• **Assignment**
Each line from the top of the listing through the one holding "首先,从开屏首页的sloga" should be restated word for word, with nothing added and no pictures.
Supplied material section start
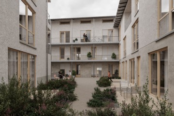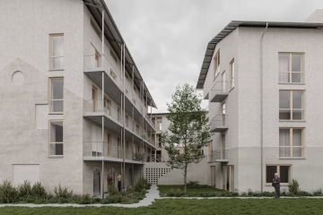 Srdce bytového souboru tvoří dvůr ve dvou úrovních, který slouží pro komunikaci v obou významech a zároveň navazuje na prostory kolem sousedících bytových domů.
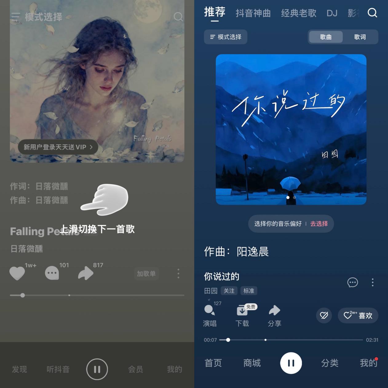 首先,从开屏首页的slogan就可见差异。汽水音乐以“随时随地、懂你所想”营造年轻化的陪伴感,强调算法推荐的“懂你”;番茄音乐则直接展示“热门短剧、DJ、广场舞、K歌”等标签,强调功能与内容导向,更贴近实用与娱乐需求。
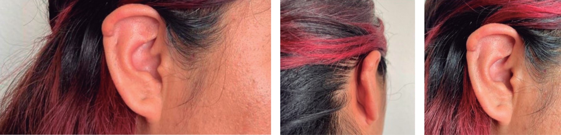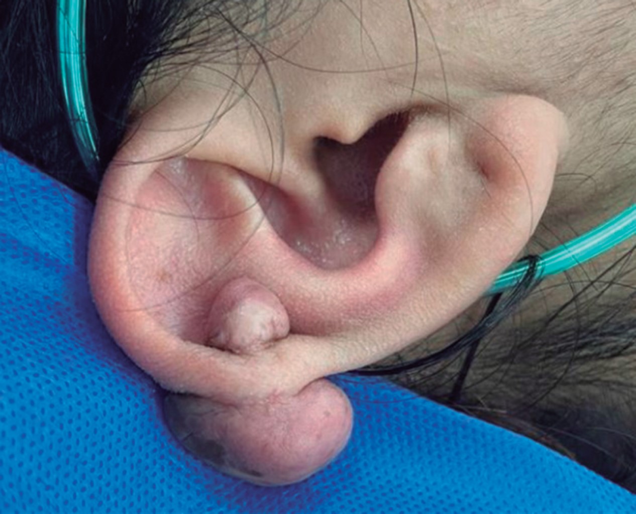 Mujer de 15 años, sin antecedentes de importancia, crónicos o toxicomanías, con la presencia en hélix derecho secundario a perforación infectada, cicatriz queloide con crecimiento progresivo, por lo que acudió a valoración al Hospital Pediátrico de Tacubaya para su manejo. Presentaba tumor en la región posterior del hélix derecho, de aproximadamente 3 cm, sésil, móvil, con tumor adicional en la parte interna del hélix de aproximadamente 1 cm, no dolorosas a la palpación (Figura 1).
Supplied material section end
• **Task output**
 Srdce bytového souboru tvoří dvůr ve dvou úrovních, který slouží pro komunikaci v obou významech a zároveň navazuje na prostory kolem sousedících bytových domů.
 首先,从开屏首页的slogan就可见差异。汽水音乐以“随时随地、懂你所想”营造年轻化的陪伴感,强调算法推荐的“懂你”;番茄音乐则直接展示“热门短剧、DJ、广场舞、K歌”等标签,强调功能与内容导向,更贴近实用与娱乐需求。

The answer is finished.